Directions >>
Write out the listing exactly, from its first line through the line holding "開会式の後、「シニア・一般の", but include none of the pictures.

Data extract >>
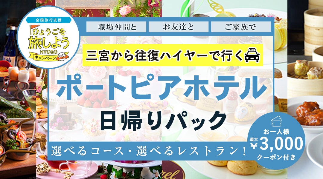 選べるポートピアホテル日帰りパックについて ポートピアホテルのレストラン3店舗から選べるコース。三宮からホテル間の往復ハイヤーとお食事がセットになったパックツアー♪ 兵庫を旅しようキャンペーンワイドを利用してお得にお食事が楽しめるプランです。
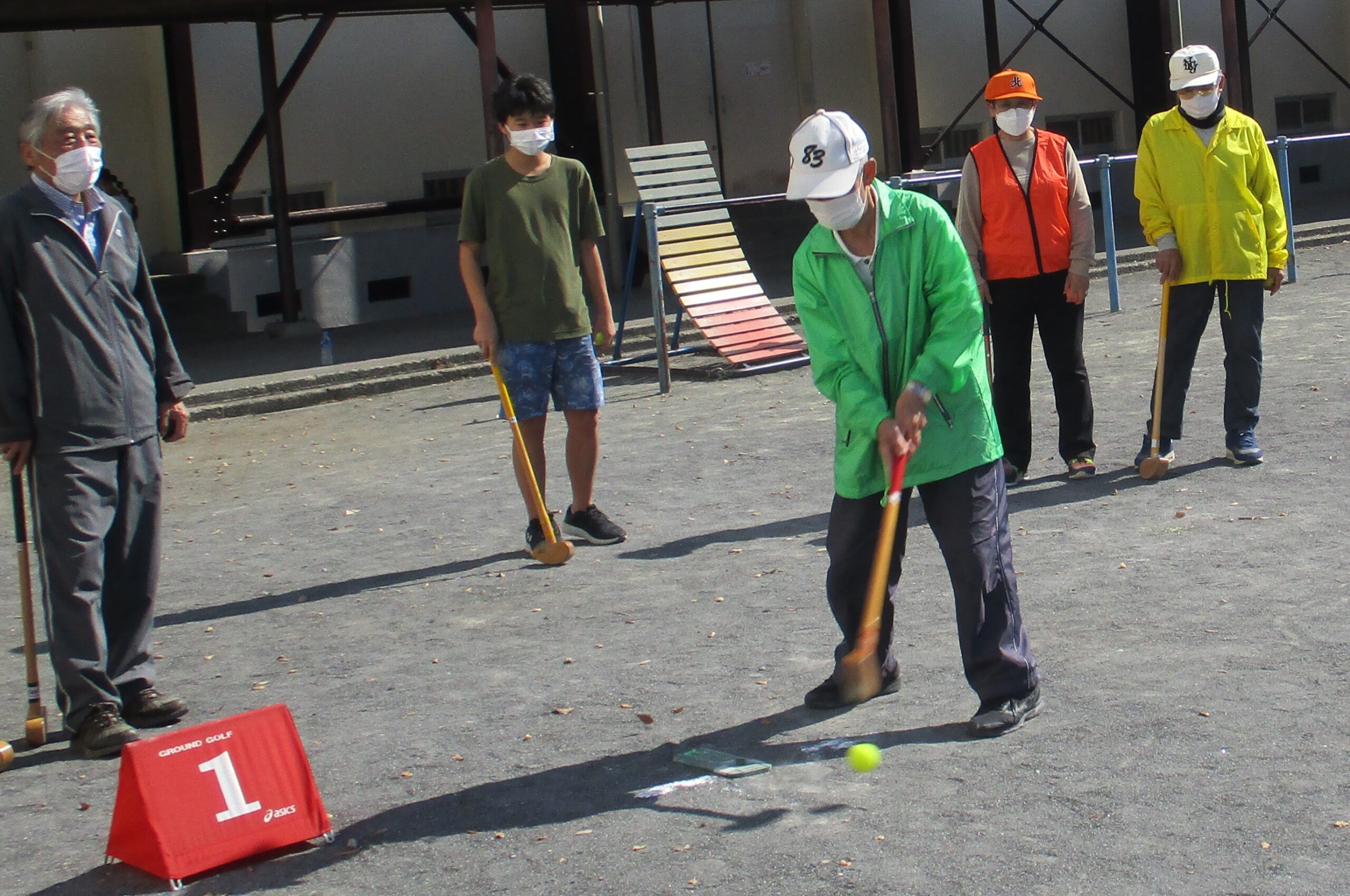 開会式の後、「シニア・一般の部」「子どもの部」「町会対抗」の3部に分かれて、グラウンドゴルフを行いました。
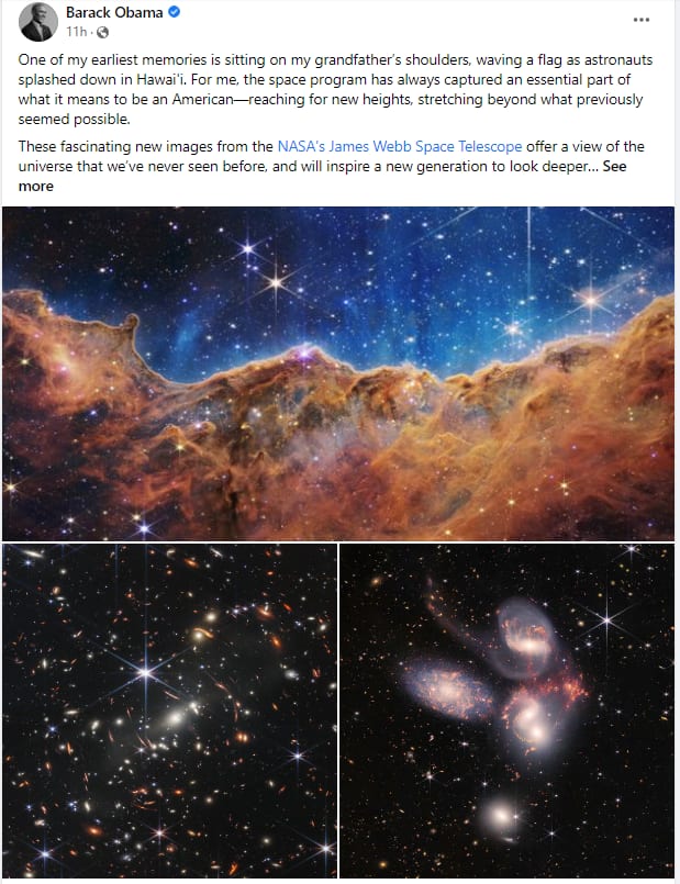 নাসা-র জেমস ওয়েব স্পেস টেলিস্কোপের পাঠানো মহাজাগতিক বেশ কিছু ছবিও শেয়ার করেছেন বারাক ওবামা ৷ প্রসঙ্গত অত্যাধুনিক ও শক্তিশালী এই টেলিস্কোপে ধরা পড়েছে নক্ষত্রপুঞ্জের নির্মাণপর্বের সমাহার ৷ তার পাঠানো এই ছবিগুলিকে বলা হচ্ছে এখনও অবধি ব্রহ্মাণ্ডের প্রাচীনতম প্রামাণ্য ছবি ৷
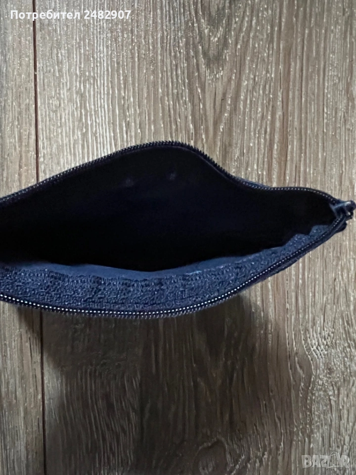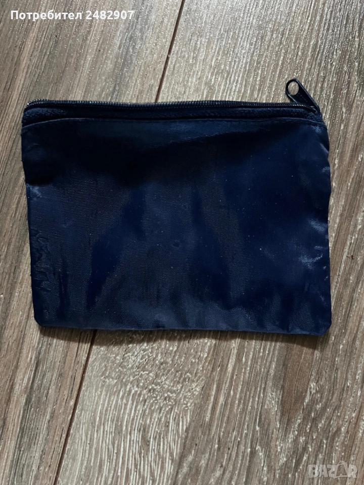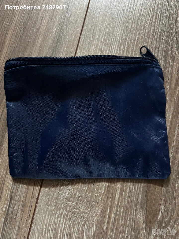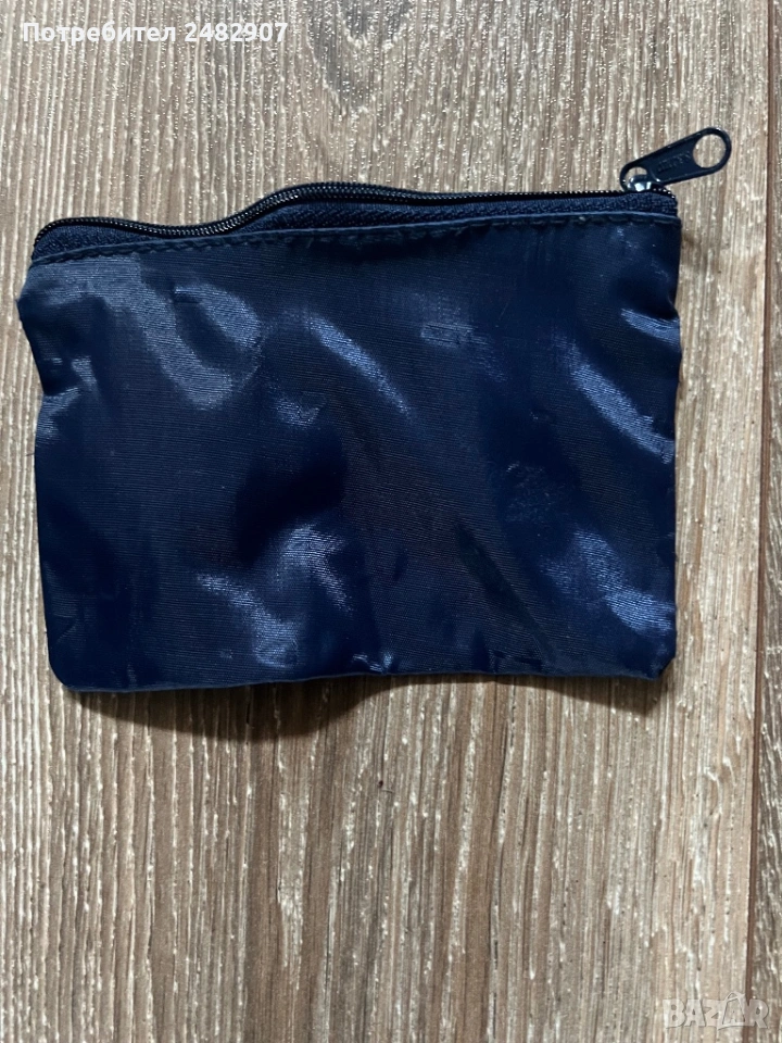 Тъмно синьо портмоне за монети с цип - една преграда от промазан плат. Размери - 10/14 см. Чисто ново, не е използвано.

Reply >>
 選べるポートピアホテル日帰りパックについて ポートピアホテルのレストラン3店舗から選べるコース。三宮からホテル間の往復ハイヤーとお食事がセットになったパックツアー♪ 兵庫を旅しようキャンペーンワイドを利用してお得にお食事が楽しめるプランです。
 開会式の後、「シニア・一般の部」「子どもの部」「町会対抗」の3部に分かれて、グラウンドゴルフを行いました。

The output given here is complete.